In FIG. 16B avatar 1630 is shown to have moved away from avatar 1620 while remaining within group perimeter 1635. Avatar 1640 has moved within joining perimeter 1612 of avatar 1610, and avatars 1650 and 1660 have moved within audio perimeter 1614 of avatar 1610.

In FIG. 16C avatar 1640 has grouped with avatar 1610 around group center 1642 within group perimeter 1645. Avatars 1650 and 1660 have both moved within join perimeter 1612 of avatar 1610. Avatar 1650 is facing in the direction of avatar 1610 (i.e., within avatar 1650's field of view without regard to the field of view angle), however avatar 1660 does not have avatar 1610 within its field of view 1666. That is to say, the dot product of the facing vector of 1660 and the direction of a source vector toward avatar 1610 appears to be greater than a threshold value for cosθ, where θ is half of the total field of view angle. Meanwhile, avatar 1630 has moved further away from avatar 1620 such that, while still grouped with 1620, is now outside of group perimeter 1635.

As seen in in FIG. 16D avatars 1620 and 1630 are no longer grouped. Avatar 1650 has joined the group with 1640 and avatar 1610 around a new center 1652 with new perimeter 1655 which is larger than the perimeter 1645 to accommodate the additional member. Avatar 1660 has stopped at a point within join distance 1612 avatar 1610 as well as join distance 1622 of avatar 1620. However, as avatar 1660 is only facing avatar 1620 and not avatar 1610, avatar 1660 is set up to join into a group with 1620 only.

In FIG. 16E avatar 1660 did successfully form a group with avatar 1620 with group center 1662 and group perimeter 1665. Avatar 1660 has subsequently turned away from Avatar 1620 and group center 1662, and towards the group with avatars 1610 1640 and 1650. Turning away from avatar 1620 and group center 1662 initiates the process for leaving a group. Because avatar 1660 is still within join distance 1612 of avatar 1610, and is now facing avatar 1610, avatar 1660 meets the requirements necessary to join avatar 1610 in its respective group once it is no longer grouped elsewhere, as, in some implementations, avatars may only belong to one active group at a time.

In FIG. 16F avatar 1660 has ungrouped with avatar 1620 and has joined the group with avatars 1610 sixteen 40 and 1650, creating a new group center 1672 in new group perimeter 1675. Group perimeter 1675 has a larger radius then group perimeter 1655 to accommodate the additional member.

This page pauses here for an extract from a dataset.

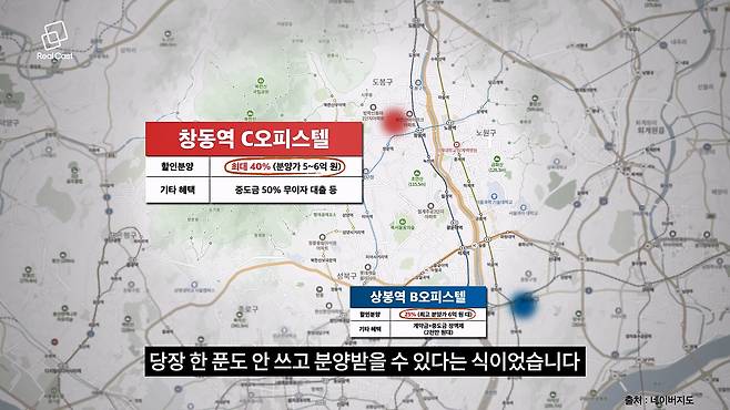 심지어 ‘본인부담금 0원’ 분양도 있습니다. 도봉구 창동의 C오피스텔은 최대 40% 할인분양을 진행했는데요. 은행에서 60% 대출을 받으면 당장 한 푼도 안 쓰고 분양받을 수 있다는 식이었습니다.
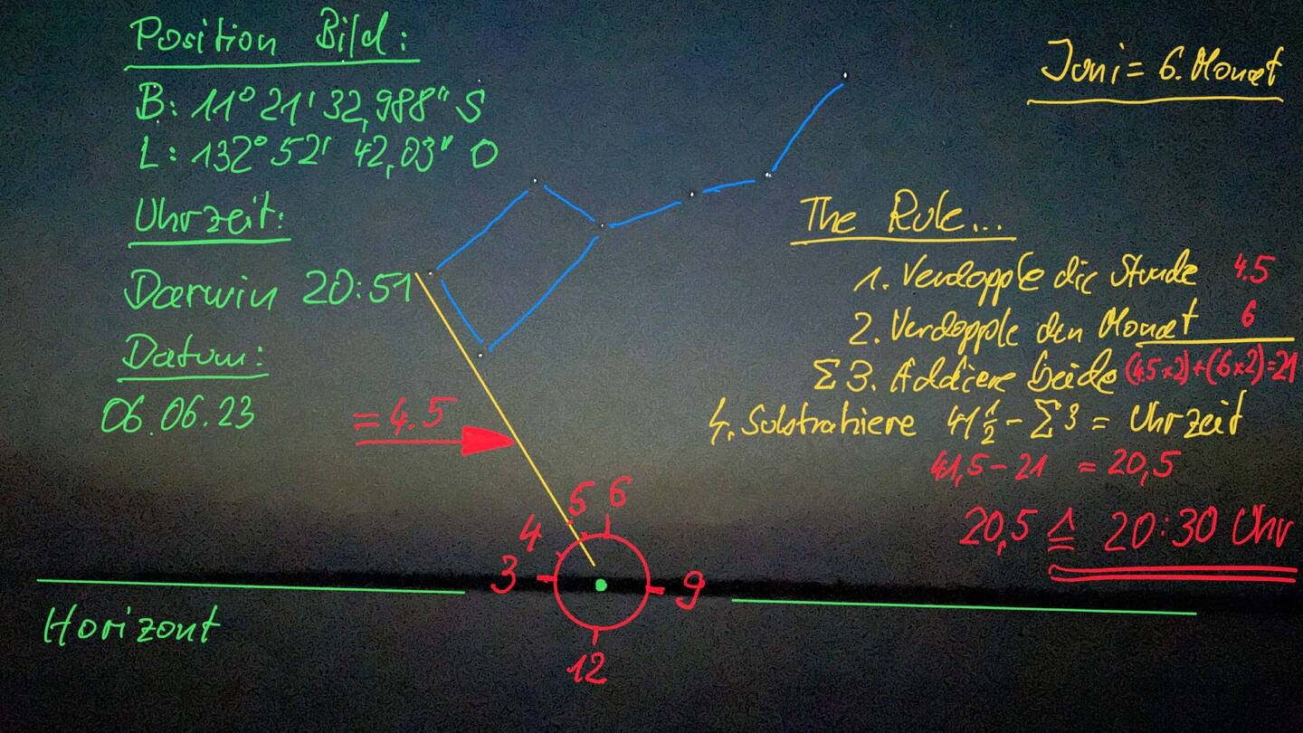 Wie bestimmt man die aktuelle astronomische Zeit anhand des Sternbildes Großer Bär.

FIGS. 17A - 17E illustrate how, in some implementations, group centers and perimeters change as members join, move within, and leave the group. As illustrated in FIG. 17A, avatars 1710 and 1720 are in a group with group center 1722 and group perimeter 1725. Group center 1722 is calculated using group geometry 724 which in this case is align 1724 between avatar 1710 and 1720. Avatar 1730 Is within the requisite join distance in his facing a group member 1710, but has not yet joined the group. Avatar 1740 is moving along path 1748 towards the group of avatars 1710 and 1720.

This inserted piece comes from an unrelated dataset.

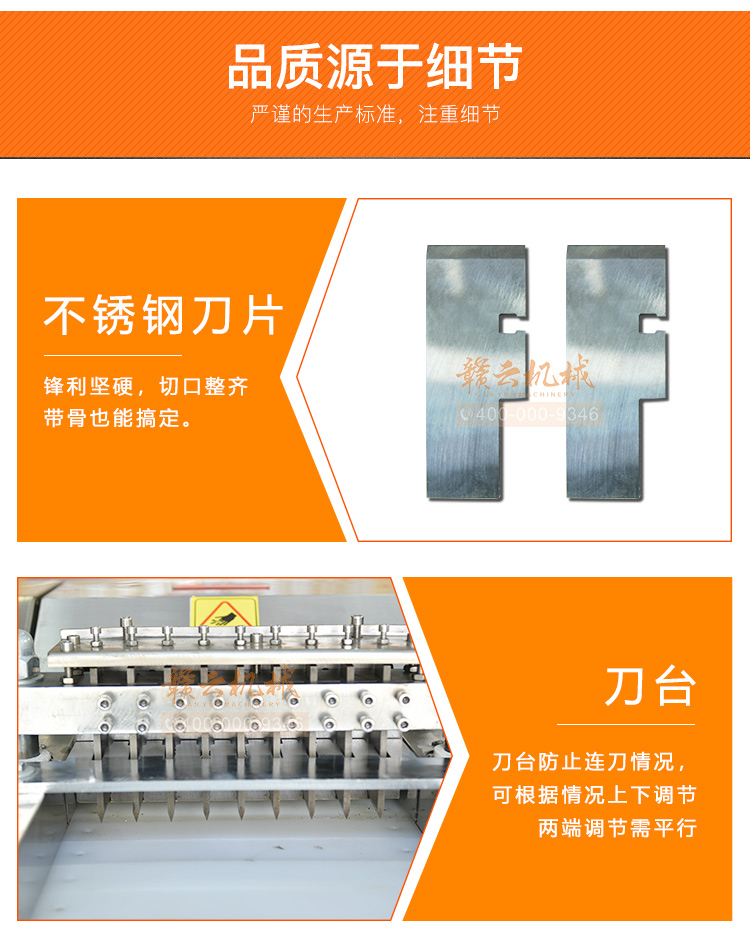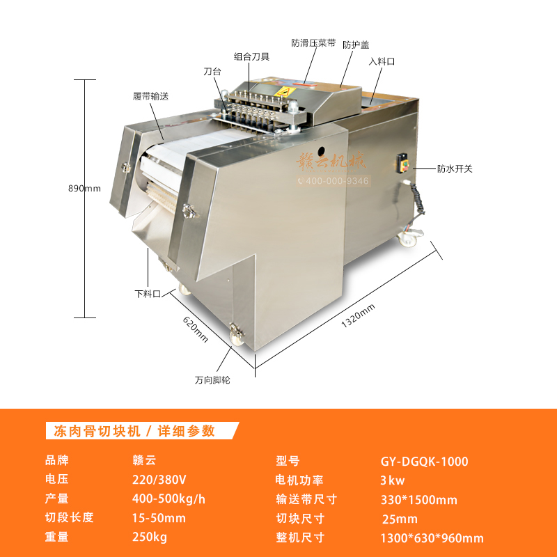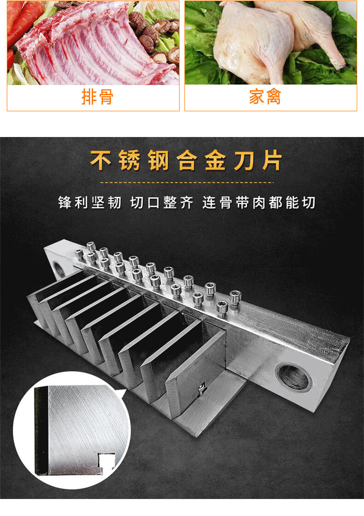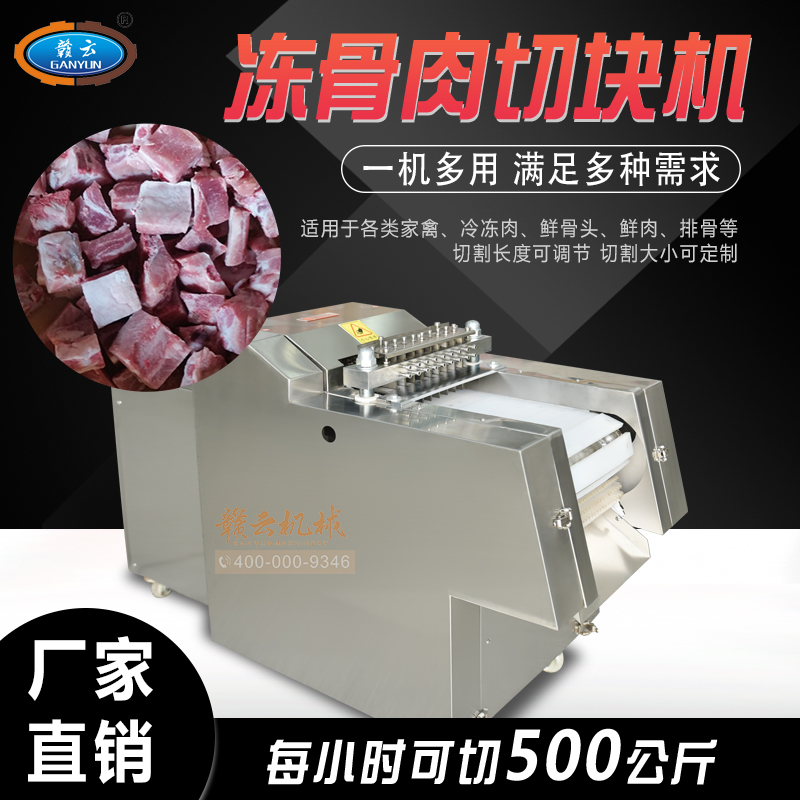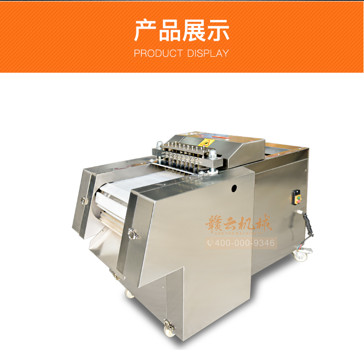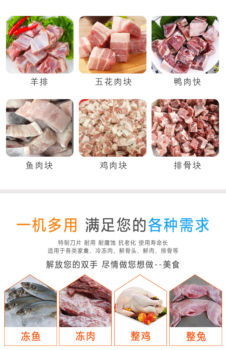 適用于雞、鴨肉、中小型動物骨頭、排骨、冷凍肉、鮮肉、凍雞、雞腿等加工設備,可根據需要剁塊、段、條等形狀大小可調。本機性價比高,節省人工,一機可抵多個人工作,每小時可剁切1000公斤,大大提高生產效率。廣泛用于大中小型食品加工廠、集體食堂、屠宰場、肉聯加工廠、超市、飯店等地使用。

In FIG. 17B avatar 1730 has joined the group with avatars 1710 and 1720, and a new group center 1732 is calculated based on group geometry 1734, which in this case is a triangle. Group perimeter 1735 is recalculated from the new group center 1732. In some implementations the radius of a group perimeter for three avatars may be the same as the radius for two avatars. In some implementations, the group perimeter radius may be proportionate to the number of group members for all group member sizes. Because the location of group center 1732 has shifted from previous group center 1722, the location of group perimeter 1735 has accordingly from previous group perimeter 1725. Avatar 1740 has now stopped within a join distance of one or more grouped members 1710, 1720, and 1730.

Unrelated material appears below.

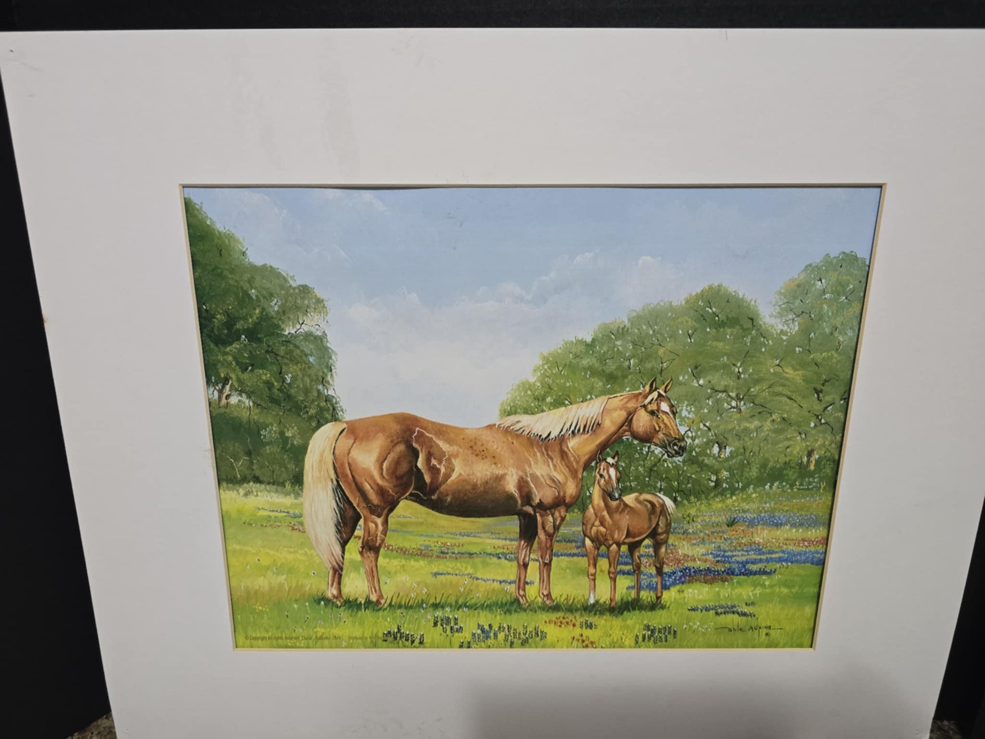 Vintage horse art prints, with mat. artist Dale Adkins. Measures 16 x 20.

In FIG. 17C, avatar 1740 has joined the group. The previous group geometry 1734 and previous group perimeter 1735 are recalculated, and new group perimeter 1745 is created based on new group center 1742 of new group geometry 1744. The radius of new group perimeter 1745 is increased in some implementations to accommodate the new group size of four members.

In FIG. 17D avatar 1740 has turned and moved away from avatars 1710 seventeen 20 and 1730. Avatar 1740 is still grouped. Old group geometry 1744 is updated new geometry 1754 with new group center 1752. The shift in Group center causes a respective shift from the location of old group perimeter 1745 to new location of group perimeter 1755. While avatars 1710 and 1720 have changed their orientation as shown in FIG. 17D their positions remain the same and do not contribute to the altered new geometry 1754.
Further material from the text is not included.